You mention "debt servicing", but OpenAI has no debt. All the money they have raised is equity not debt.

zippothrowaway · 2026-02-24T21:51:49 1771969909

Nope. The only "all indications" are that they say so. They may be making a profit on API usage, but even that is very suspect - compare against how much it actually costs to rent a rack of B200s from Microsoft. But for the millions of people using Codex/Claude Code/Copilot, the costs of $20-$30-$200 clearly don't compare to the actual cost of inference.

javascriptfan69 · 2026-02-24T20:54:12 1771966452

What was the feature and what was the note?

tibbar · 2026-02-24T21:08:58 1771967338

It was a modest update to a UX ... certainly nothing world-changing. (It's also had success with some backend performance refactors, but this particular change was all frontend.) The note was basically just a transcription of what I was asked to do, and did not provide any technical hints as to how to go about the work. The agent figured out what codebase, application, and file to modify and made the correct edit.

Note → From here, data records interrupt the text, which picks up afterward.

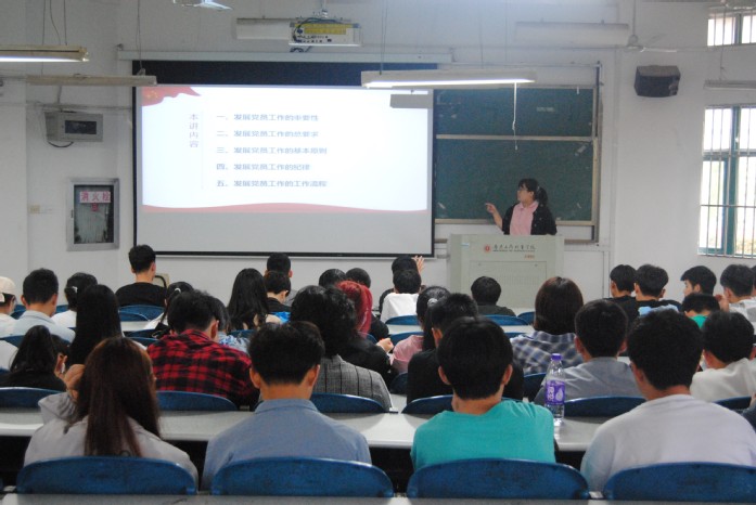 刘婷婷从发展党员工作的重要性、发展党员工作的总要求、发展党员工作的基本原则、发展党员工作的纪律、发展党员工作的工作流程几个方面,强调发展党员是基层党建的经常性、基础性工作,要做到成熟一个、发展一个。她向学员们传达了有关中组部最新的发展党员工作要求,详细讲解了发展党员的基本流程和发展党员的标准,指出了青年学子如何才能成为一名合格的党员。
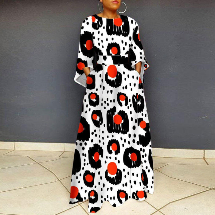 (Plus Size)2022 Styles Women Fashion Spring&Winter TikTok&Instagram Styles Print LooseMaxi DressSKU: #XF27277-4
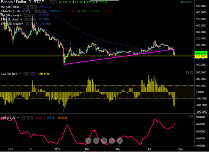 BTC/USD has broken major support $248 (200 day MA) and declined till $211. It is currently trading at $232. Short term trend is bearish as long as resistance $247 holds.
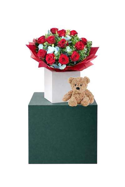 Each bouquet is hand-arranged using fresh red roses and soft foliage, carefully wrapped and styled alongside the teddy for a seamless, elevated presentation.

javascriptfan69 · 2026-02-24T22:40:32 1771972832

That's pretty neat! Thanks for elaborating.

tapoxi · 2026-02-24T22:57:22 1771973842

Yeah but was Cursor using Claude? What's the moat that any of these companies have that prevents me from using another LLM?

nemooperans · 2026-02-24T21:35:05 1771968905

[flagged]

rodonn · 2026-03-01T04:56:26 1772340986

There's been a huge amount of improvement in coding agent effectiveness since they ran that experiment. In a more recent follow up experiment, METR found 20% speed up from AI assistance and says they believe that is likely an underestimate of the impact. https://metr.org/blog/2026-02-24-uplift-update/

They are working on making a new measurement approach that will be more accurate.

tibbar · 2026-02-24T22:55:21 1771973721

Respectfully, was this comment AI generated? It has all the signs.

And scaffolding does matter a lot, but mostly because the models just got a lot better and the corresponding scaffolding for long running tasks hasn't really caught up yet.